A response to “Educating and Recruiting Multilingual and Other Graduate Students for Writing Center Work”

Sheelagh Russell-Brown, Senior Tutor, Saint Mary’s Writing Centre and Academic Communications.

Lin, Hsing-Yin Cynthia and Katherine deLuca.  “Educating and Recruiting Multilingual and Other Graduate Students for Writing Center Work.”  WLN 42:1-2 (2017).

I came to this article with curiosity based on my experience over the past more than twenty years working with English language learners and my lifelong interest in linguistic issues.  I must admit that my own attitude to the use of native language in English language teaching has been somewhat conflicted because of the rules under which I have worked. This article has helped to reinforce in me the need for reflection, particularly on the usefulness/limitations of “English only” policies such as those in place in the European international school and Canadian language school where I have taught.

The authors give an account of how the Writing Center at Ohio State University, recognizing the shift in demographics that has affected many North American universities towards a higher percentage of non-native English speaking students, made the move to recruit graduate students with other language abilities as well as the usual undergraduate tutors (or Writing Consultants as the OSU Writing Center calls them).

Some of the authors’ points caused me to recall moments in my own experience where knowledge of what they identify as “differences in writing process, language usage, and idea development” across cultures can be effective in addressing writing issues in English.  They also present situations where languages other than English can be used in the tutoring sessions.  I’ve found that sometimes just pointing out similarities and differences between an English word and a word in the student’s native language can inspire an interest in how the word can be used in speaking and in writing.  It can also encourage the student to try to teach me some features of his or her language–a sharing of interests that can open up different approaches to brainstorming and writing.

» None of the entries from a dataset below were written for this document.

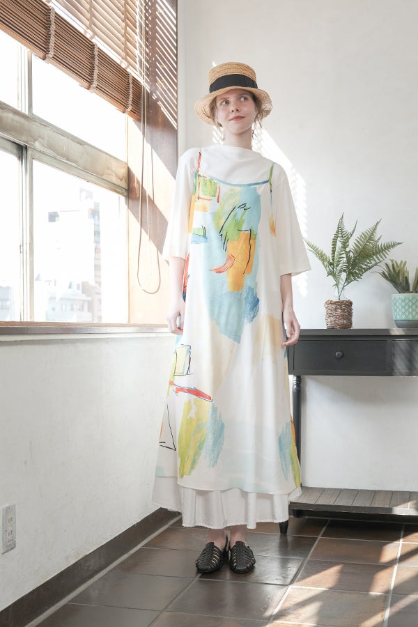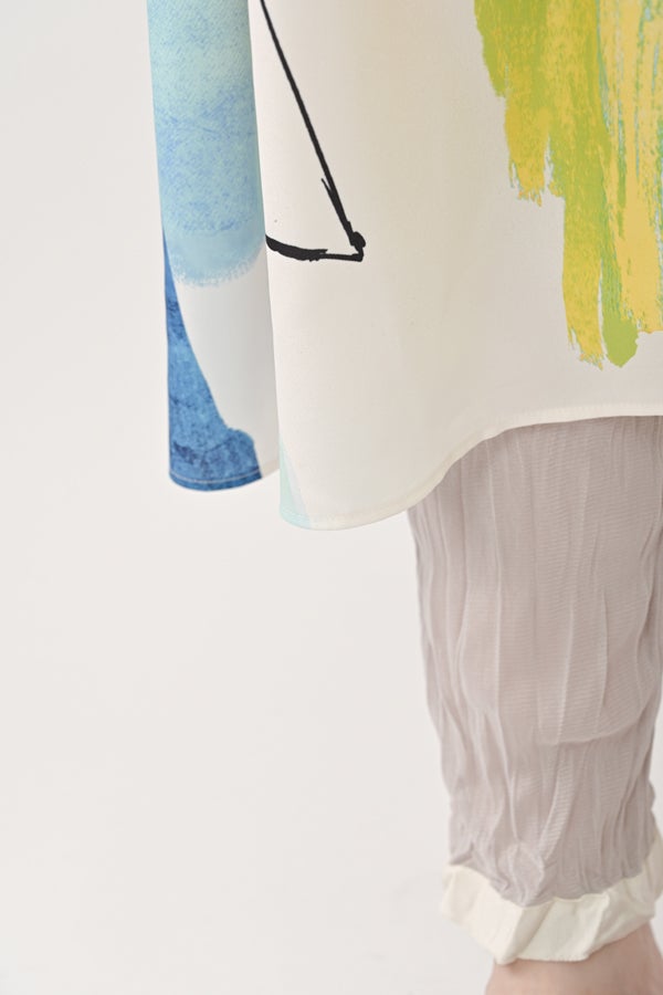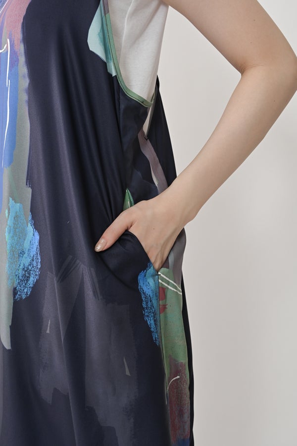 アートを纏う、パネルプリントワンピース。 RED-akaneオリジナルのパネルプリント柄をあしらい、手描きの筆の動きや色の重なりを活かしたアートピースのような一着です。全体にプリントを散らすのではなく、パネルごとに配置することで、動くたびに柄の表情が変わるのもポイント。 素材にはポリエステルサテンを使用し、裏側にプリントを施すことで柔らかな光沢を生み、肌に触れる面はサテン仕上げでなめらかな着心地を実現。着丈は調整可能で、高身長の方にも低身長の方にもフィットする仕様です。 少し透け感があるので、中にお手持ちのペチスカートを合わせてワンピースとして着用したり、パンツと合わせてモードカジュアルに仕上げるのもおすすめ。1枚でアートのような存在感を放つ、大人のための特別なワンピースです。 ●手洗い可 ●オリジナルプリント (見た目の印象は変わりませんが、パーツによって2パターンの柄の出方になります、ご了承ください)
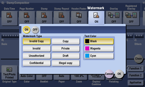 Part of the watermark may be lost depending on the paper size, such as A6 and B6. In this case, the machine automatically cancels the watermark function for copying.
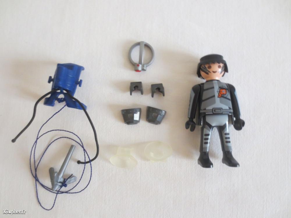 Ce playmobil s'accroche aux vitres grâce à deux ventouses. Figurine Playmobil agent secret avec sa boite et ses accessoires.
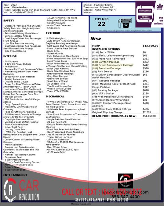 CAR REVOLUTION has a wide selection of exceptional pre-owned vehicles to choose from, including this 2023 Mercedes-Benz Sprinter Cargo Van. Indulge yourself with one of the most highly crafted, most luxurious automobiles available today. Exceptional in every sense of the word, this incredibly low mileage vehicle is one of a kind. You could keep looking, but why? You've found the perfect vehicle right here. This is the one. Just what you've been looking for. Car Revolution has been in business since 1998 with 2 locations and over 300 cars. A family owned business, focused and determined to extend hospitality to all our clients. We make every effort to present information that is accurate. However, it is based on data provided by the vehicle manufacturer and other sources. Therefore exact Configuration, Color, Certification and Accessories should be used as a guide only and are not guaranteed under any circumstances, for any inaccuracies, claims of losses of any nature. All advertised prices includes all cost to be paid by the consumer, except: Title, Taxes, Registration, License Fees, Insurance, Dealer Prep, Additional Options and include all applicable rebates. Subject to Credit Approval. Every effort is made in order to display accurate and current vehicle information, including Pricing. All vehicles are subjected to prior sale, removal and transport elsewhere, awaiting Title and Ownership Confirmation. Inventory is updated daily and subject to change. Not responsible for typographical errors or omissions. To better insure the specific vehicle's availability, call us right away at 732-527-0477 and feel free to ask any questions. EMG-WB
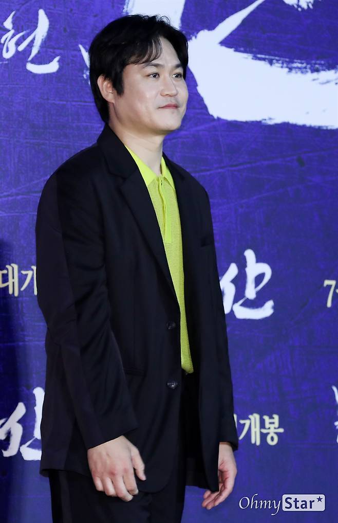 김성균 배우가 28일 오전 서울 광진구의 한 상영관에서 열린 영화 <한산: 용의 출현> 제작보고회에서 포토타임을 갖고 있다.
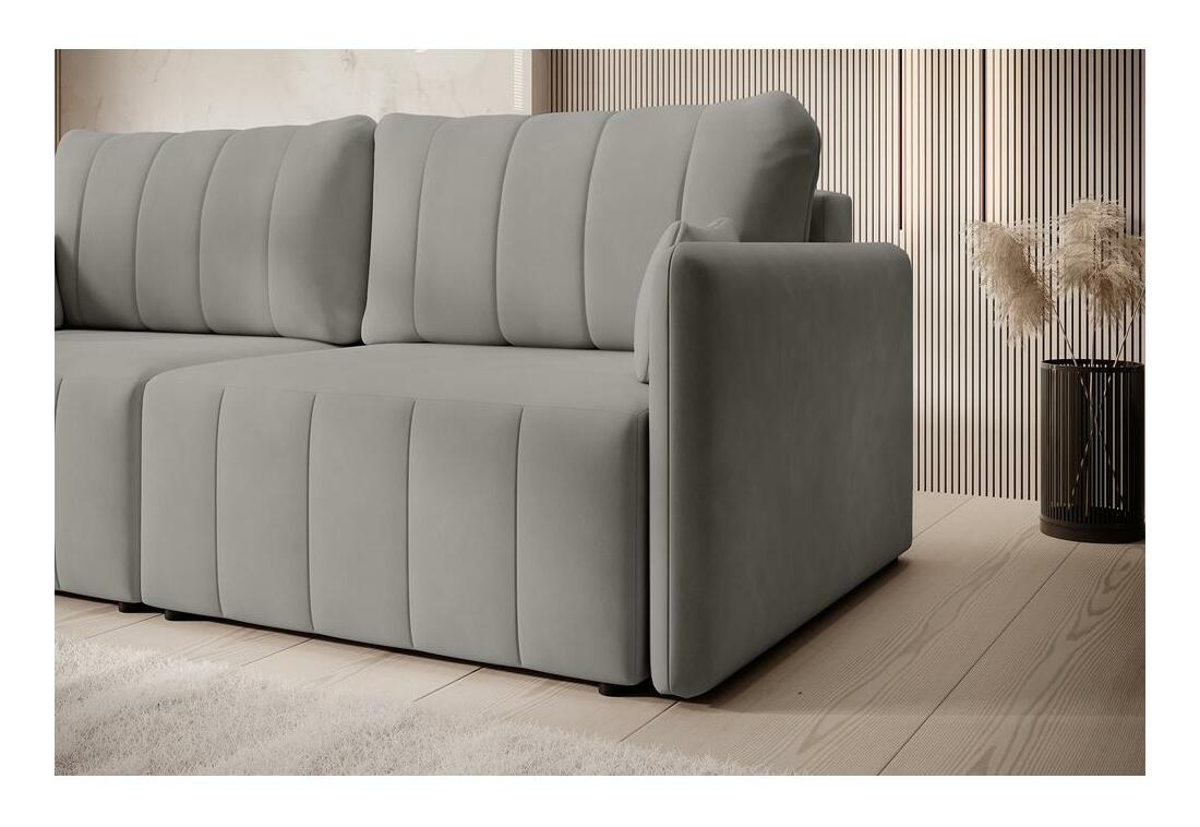 Funkce spaní, Možnost přestavby na rohovou pohovku, Úložný prostor, Čalouněný opěradlo
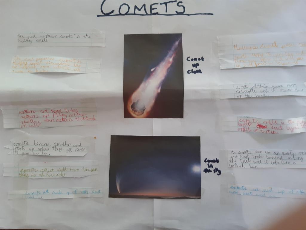As part of the topic of Earth in Space, Isaac decided to do a project on Comets. At the 2nd class Zoom meeting this week he shared lots of facts about one of the most famous comets, Halley’s Comet, with the class. Like most comets, Halley’s Comet is made of ice, dust and gas. It can be seen from Earth every 75 years. It last appeared in 1986 and will come again in 2061. Well done Isaac!
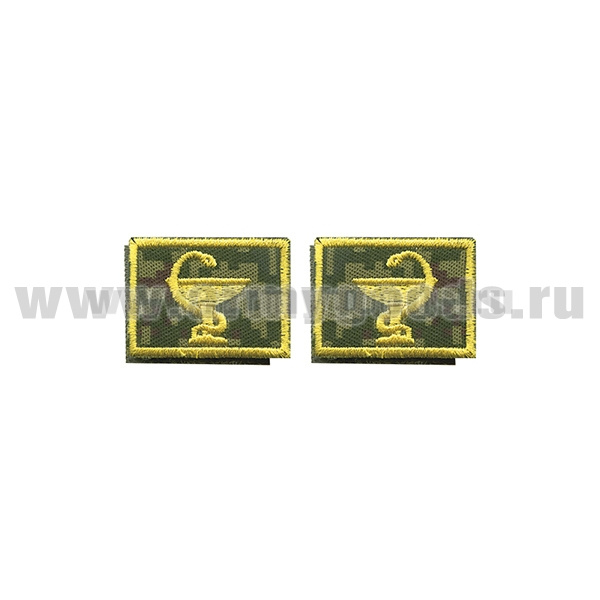 Нашивки вышит. Медицинская служба (нов/обр, желт.) петличные эмблемы на липучке (фон - "русская цифра")
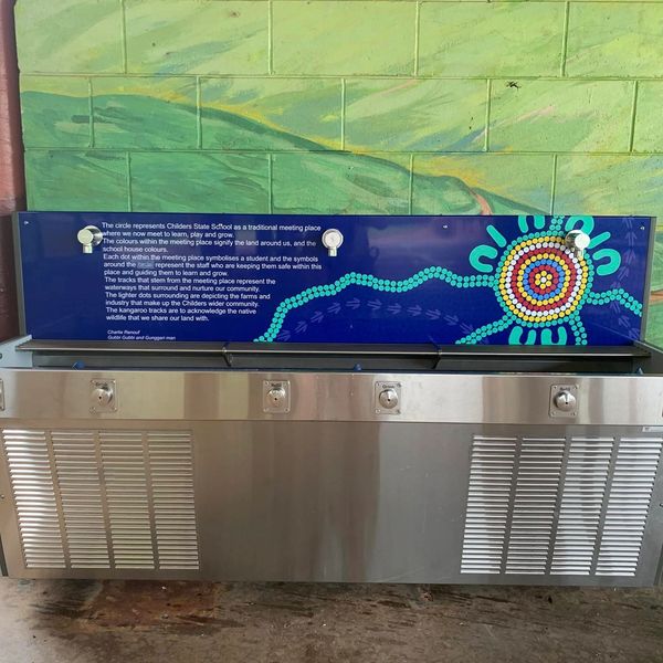 Our co-founder Charlie recently made a digital Aboriginal art piece for Childers State School to use for staff uniforms, email banners and this brand new cold water bubbler for the kids! Check out the pic for his Deadly work.
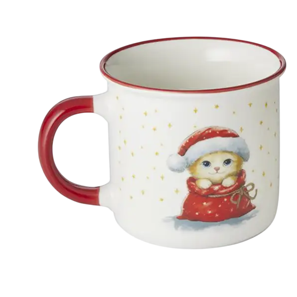 La tasse est en New Bone China, une porcelaine connue pour sa qualité. Elle est décorée d’un chat incroyablement mignon portant un chapeau de Père Noël et sortant d’un sac rouge.
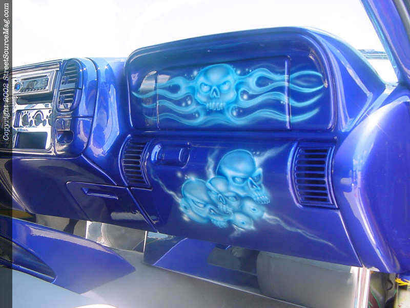 As for the interior it is just as rad as the exterior. Jason took the door panels, dash and even the headliner and fiber glassed them smooth. With those parts smoothed out, he then had the painters match the exterior graphics exactly with the interior.
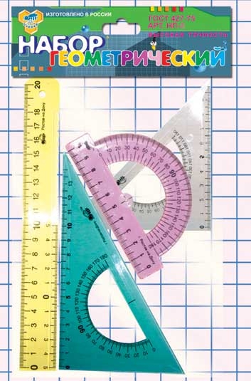 Набор геометрический средний (линейка 20 см, транспортир, треугольник 45/45, треугольник 30/60)
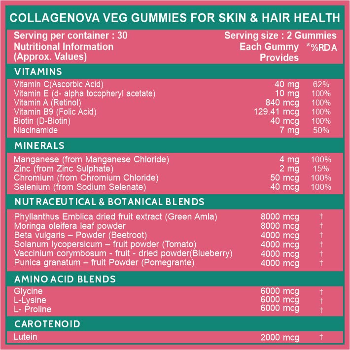GET LUSTROUS SMOOTH & STRONGER HAIR FROM THE ROOTS: Loaded with our Vitamin & Mineral Blends our collagen booster for skin will help smoothen your hair and make it strong again by strengthening the hair from its roots. It can also increase the strength of

Another significant issue raised in the article is one that I found myself referring to in teaching just this week when trying to convey to a class the importance of using specific instead of vague language.  That is the fact that rather than there being a strict distinction between Lower Order Concerns, such as grammar and vocabulary, and Higher Order Concerns, such as content development and organization, they tend to “bleed” into each other.  In other words, without the ability to husband vocabulary and grammar in another language, it is difficult not only to develop a thesis and supporting content effectively, but also to even begin to “think” that content.  Although it is true that the ability to think in the new language without translating is a goal to which language learners aspire, I can see more and more, after reading this article, how valuable the permission to think in the native language is as a bridge to writing in English.

This is an article that I’m sure I will return as I see more of its applicability in my own work.